What the task asks:
The records that follow are to be repeated in full, with no pictures retained.

━━━━━ Data for the task

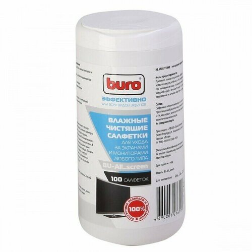 Салфетки Buro BU-Ascreen для экранов мониторов/плазменных/ЖК телевизоров/ноутбуков туба 100шт влажных
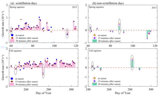The day-to-day variations in growth rates from ionosonde measurements at sunset (blue, orange dots), 15 min after sunset (red, magenta rectangles) and 30 min after sunset (pink, green bars) on scintillation (a) and non−scintillation (b) days during equinoctial months in 2012. The red dashed lines represent that the growth rates were equal to zero. The dashed-line circles represent the abnormal days.
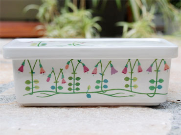 リネア柄のバターディッシュ、入荷しました。 ふたものは、毎度記述でお知らせしていますが、本体・ふた共無事でいることがとても「まれ」です。 お店にとったら、ひとつの品なのに双方コンディションが揃っていなくてはならない、少しやっかいなものでもあります。 ただ、双方ちゃんと優れたコンディションであれば、本当にラッキーですし、誇りをもってお勧めできるので、とてもうれしい存在でもあります。 そんな、「うれしい存在」。 しかも、スウェーデンのモダニストの巨匠リンドベリが、リネアの存在とイメージを具現化した、美しいパターン。 お客様のテーブルを素敵に飾る様子を思い浮かべては、うれしさ好循環なのです。
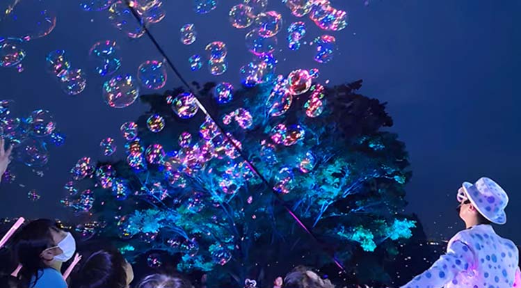 夜空をキャンバスに、泡で描く魔法のショー。キラキラと煌めく幻想的なナイトバブルショーをお楽しみください。
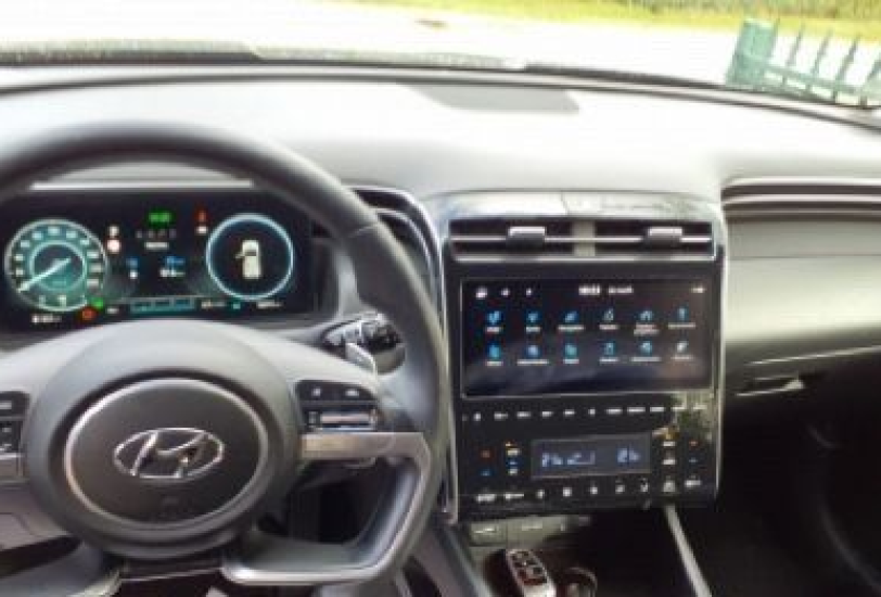 Este Hyundai Tucson no solo es potente y eficiente, sino también increíblemente cómodo y equipado. Su techo panorámico te permite disfrutar de la luz natural y las vistas panorámicas durante tus viajes. Su sistema de climatización automática de 2 zonas garantiza una temperatura agradable para todos los ocupantes. Además, cuenta con asientos calefactables, volante calefactado y tapicería de tela negra para un confort superior. El maletero con separación asegura que tus pertenencias estén organizadas y seguras. Este SUV está diseñado para ofrecerte el máximo confort en cada trayecto.

━━━━━━━━━━

Solved problem:
 Салфетки Buro BU-Ascreen для экранов мониторов/плазменных/ЖК телевизоров/ноутбуков туба 100шт влажных
The day-to-day variations in growth rates from ionosonde measurements at sunset (blue, orange dots), 15 min after sunset (red, magenta rectangles) and 30 min after sunset (pink, green bars) on scintillation (a) and non−scintillation (b) days during equinoctial months in 2012. The red dashed lines represent that the growth rates were equal to zero. The dashed-line circles represent the abnormal days.
 リネア柄のバターディッシュ、入荷しました。 ふたものは、毎度記述でお知らせしていますが、本体・ふた共無事でいることがとても「まれ」です。 お店にとったら、ひとつの品なのに双方コンディションが揃っていなくてはならない、少しやっかいなものでもあります。 ただ、双方ちゃんと優れたコンディションであれば、本当にラッキーですし、誇りをもってお勧めできるので、とてもうれしい存在でもあります。 そんな、「うれしい存在」。 しかも、スウェーデンのモダニストの巨匠リンドベリが、リネアの存在とイメージを具現化した、美しいパターン。 お客様のテーブルを素敵に飾る様子を思い浮かべては、うれしさ好循環なのです。
 夜空をキャンバスに、泡で描く魔法のショー。キラキラと煌めく幻想的なナイトバブルショーをお楽しみください。
 Este Hyundai Tucson no solo es potente y eficiente, sino también increíblemente cómodo y equipado. Su techo panorámico te permite disfrutar de la luz natural y las vistas panorámicas durante tus viajes. Su sistema de climatización automática de 2 zonas garantiza una temperatura agradable para todos los ocupantes. Además, cuenta con asientos calefactables, volante calefactado y tapicería de tela negra para un confort superior. El maletero con separación asegura que tus pertenencias estén organizadas y seguras. Este SUV está diseñado para ofrecerte el máximo confort en cada trayecto.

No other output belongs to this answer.